Everything in the simulation world is represented as an entity. Each entity is
made up of component
s, which provide the data definitions. The simulation
data model is always based on composition of components attached to entities.
Entities can be freely moved between machines to continuously improve efficiency of the system as a whole. Due to the dynamic nature of this arrangement, internally entities are not represented as simply UUIDs as they would be in a classic ECS design. They are instead more involved structures with their own storages. Entities themselves are stored in an addressed map for quick retrieval.
Components are also different from what one would see in a classic ECS design. Due to the interoperability requirements, components are not defining the actual memory layouts for particular data. Data representation is fixed on the lower individual data type layer (e.g. numbers, strings). Components are defined as collections of variables, the layout of which will be determined dynamically on the entity storage layer.
The above entity-component design can be described as the storage layer. It's
usable as is. One can define the model and starting state through .toml
files
and deploy to an existing bigworlds cluster. Existing simulation data can be
queried and mutated, and upon proper configuration the entity distribution
across the cluster will dynamically approach most efficient arrangement based
on the access patterns.
Building on the storage layer is the logic layer.
Bigworlds runtime builds directly on the tokio runtime, spawning separate tasks representing different parts of a bigworlds system.
One part of the system spawned as a separate task is the behavior
. That's
basically a free-form task running on the tokio runtime. Each behavior unit
is a separate task performing read/write operations asynchronously, no matter
if they're performed locally or remotely (though the system is constantly
optimizing to maximize the number of local operations). Processing can
optionally be synchronized with simulation-wide events.

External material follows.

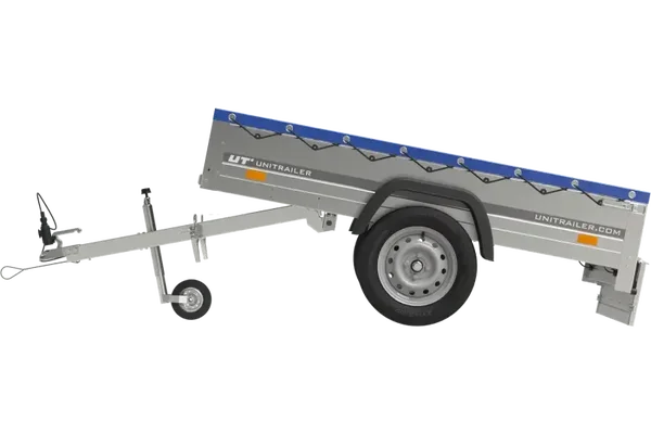 CHASSIS – essieu de torsion d’un fabricant réputé ALKO ou Knott – fait sur mesure pour Unitrailer. Taille de roue : 155/70 R13. Timon basculant de type « V », qui peut être replié sous le plancher de la remorque à tout moment.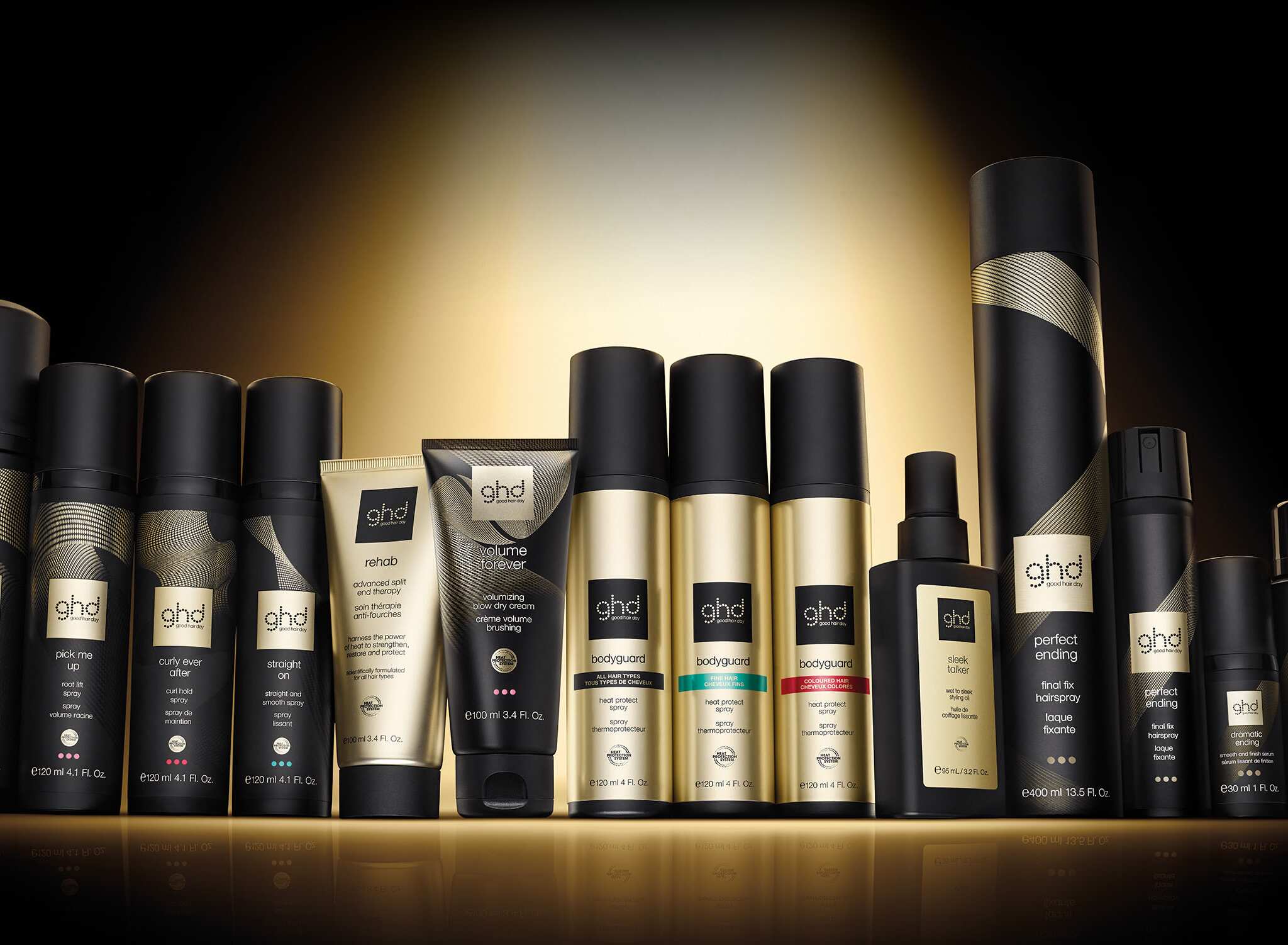 Zaubere voluminöse Blow Dries mit der neuen ghd volume forever Volumencreme, definierte und langhaltende Locken mit dem ghd curly ever after Lockenspray oder ein seidig glattes Finish mit unserem ghd sleek talker Stylingöl.

Spawning a behavior task is the most direct way of introducing logic into a bigworlds system. These tasks can be defined as part of an overall program using bigworlds library, or they can be loaded dynamically onto existing bigworlds systems. Since it's not exactly safe in situations where hardware is shared, we definitely want to have a way to sandbox user provided logic.
For this we need a slightly more abstract machine
. Machine is a behavior
executing a set of predefined instructions in a certain manner, like a virtual
machine. With it's basic support for event-triggered state changes, it can also
resemble a state machine.
Modelers define machine logic in a scripting language that directly translates to the instruction set to be performed by the (virtual) machine. This assures safe execution on the bigworlds runtime alongside the storage layer. It's also nice in terms of being a simplified way of providing simulation logic, which could potentially drive adoption with non-programmers (e.g. game modders).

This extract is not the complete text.